*** Opening of Source information ***

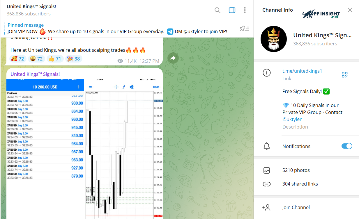 United Kings stands out with an impressive accuracy rate of around 90% – one of the highest among Forex signal channels on Telegram. Traders can start their experience through the free public channel, which provides one thoroughly analyzed trading signal per day.
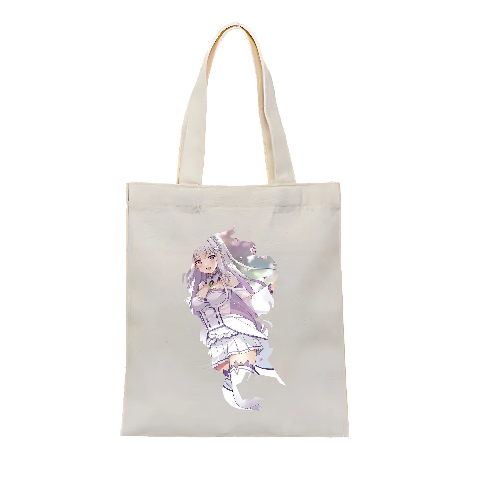 リゼロ グッズ エミリア - 縦型キャンバス手提げバッグ(トートバッグ) ・ キャンバス素材 ・ ショッピング用 ・ 軽量 丈夫 お手入れ簡単
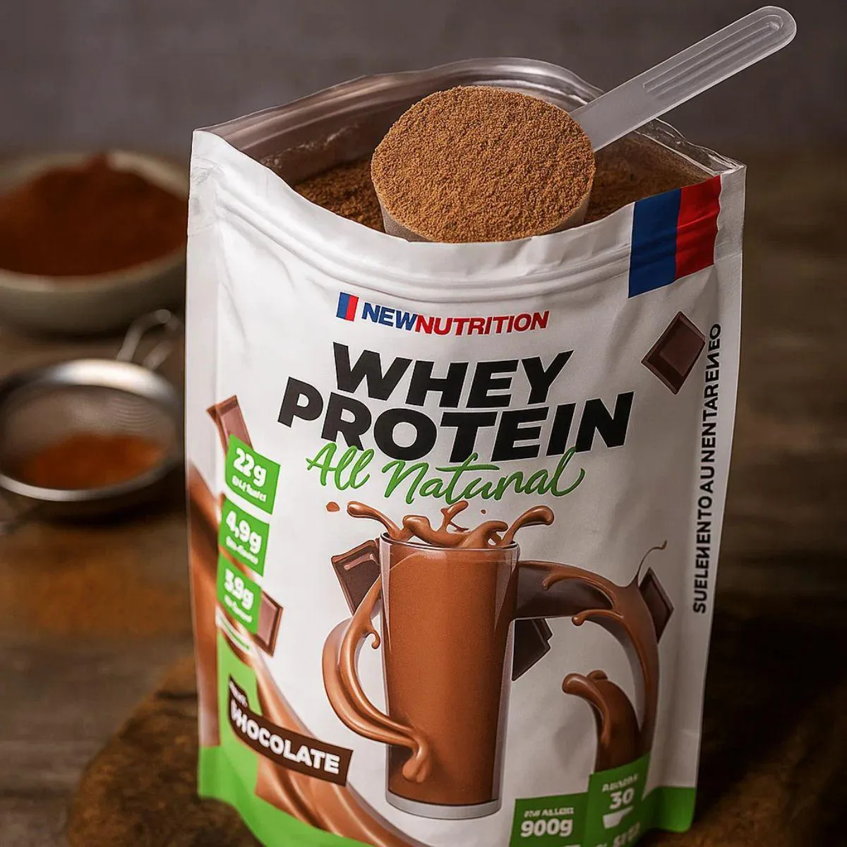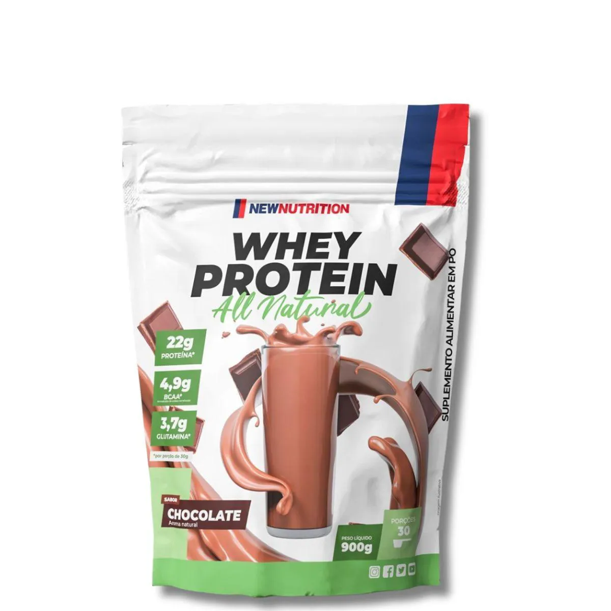 Whey Protein 100% All Natural 900G New Nutrition Chocolate
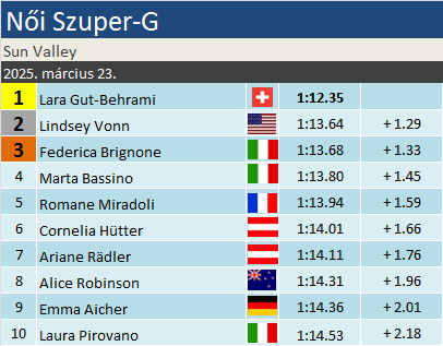 Annál jobban nem mutatja meg egy sportember nagyságát, hogy akkor képes előhúzni rejtett erőtartalékait, amikor a leginkább szükség mutatkozik rá. Márpedig Lara Gut-Behrami ma úgy leiskolázta a női mezőnyt, hogy időeredményével a férfiak közt is a 9. helyen végzett volna. Tette mindezt úgy, hogy ezen a télen Fede’ esetében tényleg kolbászból van a kerítés. Lara 47. Világkupa-győzelmét aratta a mai napon, amivel maga mögött hagyta az örökranglistán Renate Götschlt, illetőleg Marc Girardellit. Ami kifejezetten a Szuper-G-t illeti, 24 sikernél tart, vagyis még 4 választja el Lindsey Vonn rekordjától. Ha már Vonn, a 40 esztendős (másik) élő legenda 138. alkalommal állhatott dobogóra a Világkupában, először az ötéves kihagyást és 2565 napot követően. A negyvenes amerikai és a 33 éves, 99 pódiumnál tartó Lara mellett a 34 éves Brignone ünnepelt még dobogón, mégpedig 84. alkalommal.
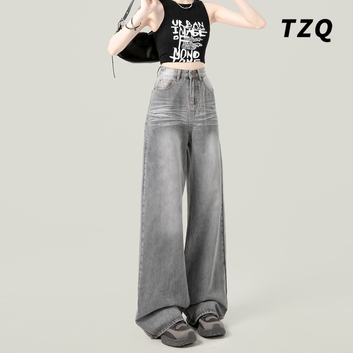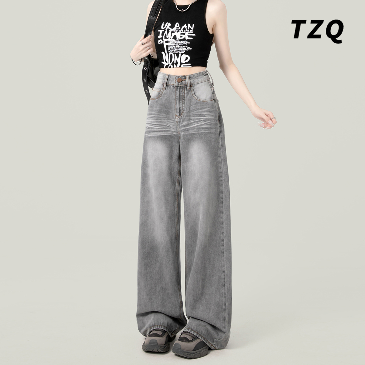 高街复古阔腿裤 迈特优烟黑色牛仔裤 宽松直筒美式 新款 子 男秋季
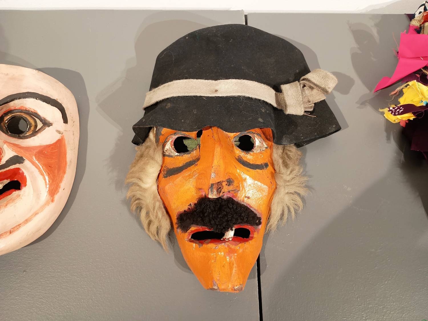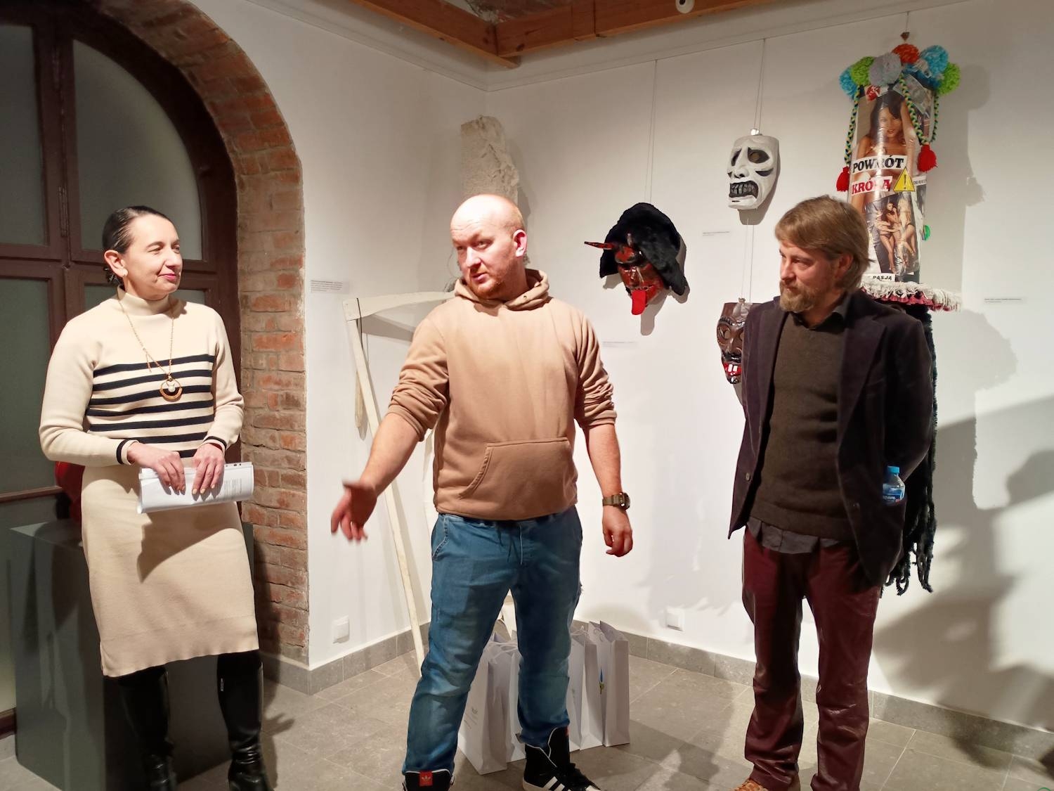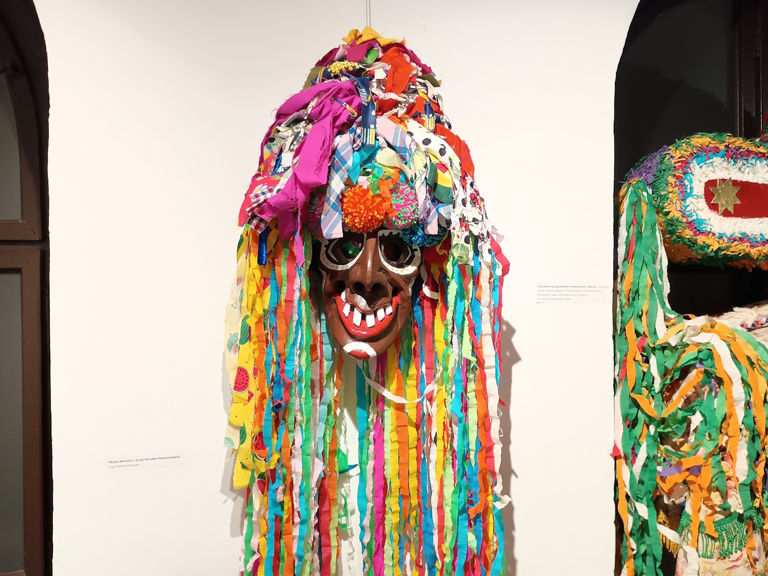 Eksponaty prezentowane na wystawie pochodzą ze zbiorów Muzeum Miejskiego w Żywcu, Muzeum Regionalnego Na Grapie w Jaworzynce, Gminnego Ośrodka Kultury w Milówce oraz zbiorów własnych ich autorów – Zbigniewa Krężeloka zwanego „Poleśnym”, Adriana Mokrysa i Bartłomieja Potasiaka. – Zająłem się rzeźbieniem masek w czasie pandemii i od tego czasu razem z żoną wykonujemy choćby całe stroje dziadowskie. Maski wykonuję z drewna lipowego, a potem maluję je farbami akrylowymi lub olejnymi, a gdy wyschną, zdobię kawałkami materiału czy bibuły – mówi Bartłomiej Potasiak z Cięciny.

*** Close of Source information ***

What to do → Quote the material exactly. Pictures stay out.

Your response →
 United Kings stands out with an impressive accuracy rate of around 90% – one of the highest among Forex signal channels on Telegram. Traders can start their experience through the free public channel, which provides one thoroughly analyzed trading signal per day.
 リゼロ グッズ エミリア - 縦型キャンバス手提げバッグ(トートバッグ) ・ キャンバス素材 ・ ショッピング用 ・ 軽量 丈夫 お手入れ簡単
 Whey Protein 100% All Natural 900G New Nutrition Chocolate
 Annál jobban nem mutatja meg egy sportember nagyságát, hogy akkor képes előhúzni rejtett erőtartalékait, amikor a leginkább szükség mutatkozik rá. Márpedig Lara Gut-Behrami ma úgy leiskolázta a női mezőnyt, hogy időeredményével a férfiak közt is a 9. helyen végzett volna. Tette mindezt úgy, hogy ezen a télen Fede’ esetében tényleg kolbászból van a kerítés. Lara 47. Világkupa-győzelmét aratta a mai napon, amivel maga mögött hagyta az örökranglistán Renate Götschlt, illetőleg Marc Girardellit. Ami kifejezetten a Szuper-G-t illeti, 24 sikernél tart, vagyis még 4 választja el Lindsey Vonn rekordjától. Ha már Vonn, a 40 esztendős (másik) élő legenda 138. alkalommal állhatott dobogóra a Világkupában, először az ötéves kihagyást és 2565 napot követően. A negyvenes amerikai és a 33 éves, 99 pódiumnál tartó Lara mellett a 34 éves Brignone ünnepelt még dobogón, mégpedig 84. alkalommal.
 高街复古阔腿裤 迈特优烟黑色牛仔裤 宽松直筒美式 新款 子 男秋季
 Eksponaty prezentowane na wystawie pochodzą ze zbiorów Muzeum Miejskiego w Żywcu, Muzeum Regionalnego Na Grapie w Jaworzynce, Gminnego Ośrodka Kultury w Milówce oraz zbiorów własnych ich autorów – Zbigniewa Krężeloka zwanego „Poleśnym”, Adriana Mokrysa i Bartłomieja Potasiaka. – Zająłem się rzeźbieniem masek w czasie pandemii i od tego czasu razem z żoną wykonujemy choćby całe stroje dziadowskie. Maski wykonuję z drewna lipowego, a potem maluję je farbami akrylowymi lub olejnymi, a gdy wyschną, zdobię kawałkami materiału czy bibuły – mówi Bartłomiej Potasiak z Cięciny.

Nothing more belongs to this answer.